TO DO =
Please give the lines below again exactly as they stand, from the one that contains "3、进入游戏这关任务是帮她微笑,点击她的嘴两边撑开就可以通关了。" up to and including the one that contains "в случае обнаружения", leaving all pictures out.

EXCERPTED RECORDS =
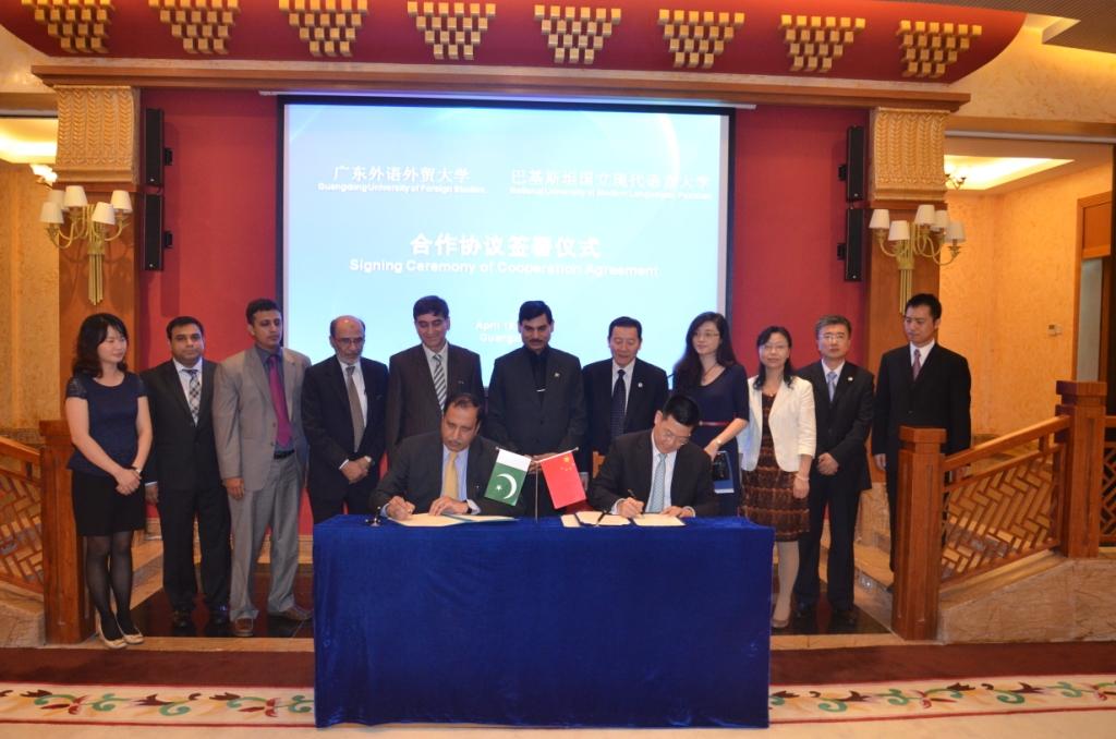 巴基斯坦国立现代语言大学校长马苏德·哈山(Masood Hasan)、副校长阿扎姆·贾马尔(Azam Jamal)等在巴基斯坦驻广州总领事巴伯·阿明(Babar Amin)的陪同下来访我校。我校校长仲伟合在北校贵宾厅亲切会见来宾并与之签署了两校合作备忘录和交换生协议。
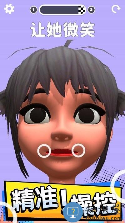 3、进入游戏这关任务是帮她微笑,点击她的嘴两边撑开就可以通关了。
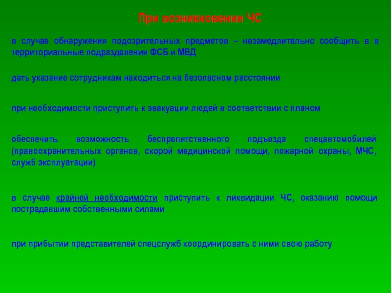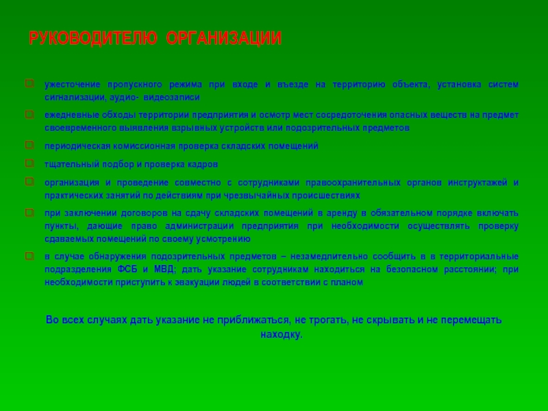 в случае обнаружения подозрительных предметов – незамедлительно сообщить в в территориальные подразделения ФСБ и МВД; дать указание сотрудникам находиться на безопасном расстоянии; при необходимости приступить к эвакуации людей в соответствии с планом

==

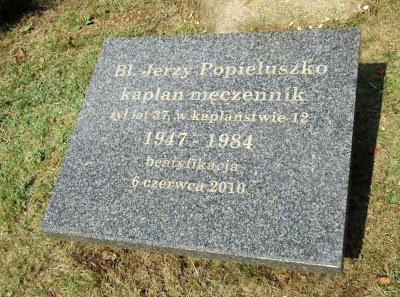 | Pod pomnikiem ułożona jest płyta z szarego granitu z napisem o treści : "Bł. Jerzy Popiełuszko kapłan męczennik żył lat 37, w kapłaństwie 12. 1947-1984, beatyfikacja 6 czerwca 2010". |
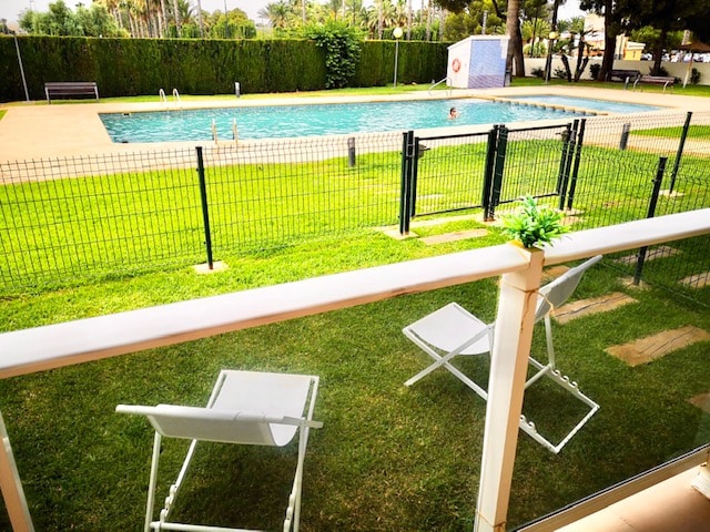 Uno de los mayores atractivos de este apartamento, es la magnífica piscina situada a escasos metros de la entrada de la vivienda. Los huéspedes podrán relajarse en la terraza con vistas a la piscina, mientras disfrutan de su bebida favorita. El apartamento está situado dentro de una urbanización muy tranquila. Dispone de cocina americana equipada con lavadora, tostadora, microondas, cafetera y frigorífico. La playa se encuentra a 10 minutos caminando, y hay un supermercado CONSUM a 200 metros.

REPLY TO THE TASK =
 3、进入游戏这关任务是帮她微笑,点击她的嘴两边撑开就可以通关了。
 в случае обнаружения подозрительных предметов – незамедлительно сообщить в в территориальные подразделения ФСБ и МВД; дать указание сотрудникам находиться на безопасном расстоянии; при необходимости приступить к эвакуации людей в соответствии с планом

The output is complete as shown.